Back in January 2021, Galan entered a sale and joint venture with Lithium Australia for an 80 per cent interest in the Greenbushes South Lithium project which is located 200km south of Perth, WA. The project spans a massive 353 square kilometres and is only 3km south of the current Greenbushes open pit mining operations that is generally considered to be the biggest and best hard rock lithium mine in the world today.
It is thought to account for some 40 per cent of the world’s current lithium supply. Interestingly, the site where tin and tantalite mining started in the 1890s is one of Australia’s longest continuously operated mines. The Greenbushes pegmatites belong to the lithium-caesium-tantalum family and consist of a large main zone over 3kms long and up to 300m wide with numerous smaller pegmatite dykes and pods flanking the main body. The Greenbushes pegmatites are mineralogically zoned in a lenticular interfingering style along strike and down dip. The lithium zone is over a massive 2km long and enriched with the lithium-bearing mineral spodumene, which often makes up 50 per cent of the rock, making it unique from many other rare-metal pegmatites.
ASX-listed mid-tier miner IGO stumped up a serious $1.4 billion earlier this year for a 49 per cent stake in Greenbushes JV partner Tianqi Lithium Energy Australia – giving it 25 per cent of Greenbushes and 49 per cent of Tianqi’s Kwinana lithium processing plant south of Perth.
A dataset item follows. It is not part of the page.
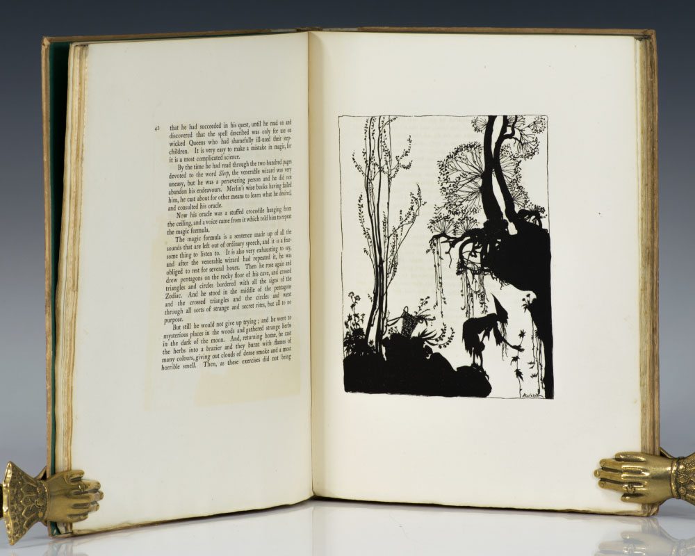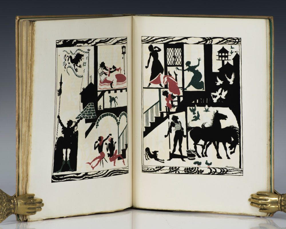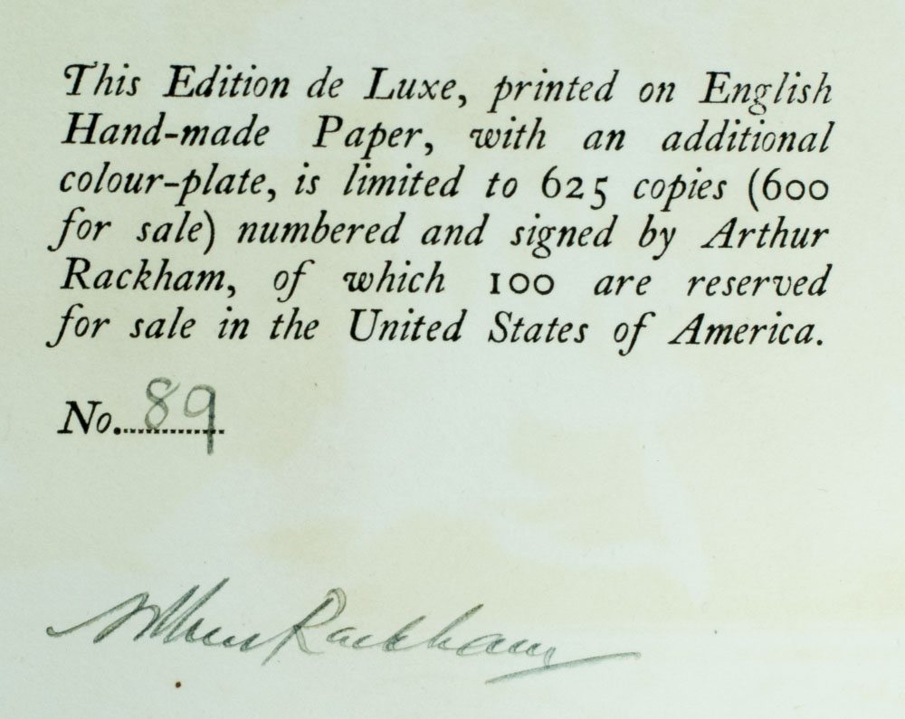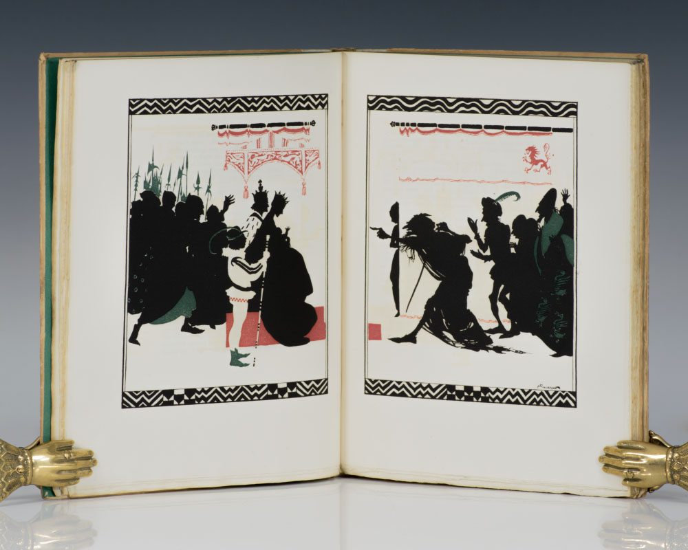 Signed limited deluxe edition. Quarto, original half vellum over cream boards, pictorial endpapers, top edge gilt. One of 625 numbered copies signed by the illustrator Arthur Rackham. Printed on English hand-made paper with an additional color plate. Illustrations: 25 full page silhouettes, comprising 9 in color (frontispiece and 4 double plates)--and 16 in black (including 4 double illustrations); one mounted colored plate; silhouette head- and tail-pieces and other silhouettes throughout the text, in black. In very good condition.

Galan’s earlier review of historical data sets indicated a “well-defined footprint of anomalous concentrations of pathfinder elements surrounding the Greenbushes mine and along its host structure”, the DBSZ. Additionally, previous soil samples and rock chip samples taken perpendicular to the strike of the DBSZ returned arsenic concentrations up to 574 parts per million, antimony up to 16ppm antimony and tin up to 12ppm. Other samples taken from previously mapped pegmatite outcrops were said to have concentrations of up to 27ppm tin.
The Greenbushes South lithium pegmatite project provides Galan with a desirable counterweight to its significant emerging Hombre Muerto West lithium brine project on the other side of the world in South America’s revered “Lithium Triangle”.
As with the Lithium Triangle, Galan could not hope to be in a better lithium neighbourhood in WA than Greenbushes.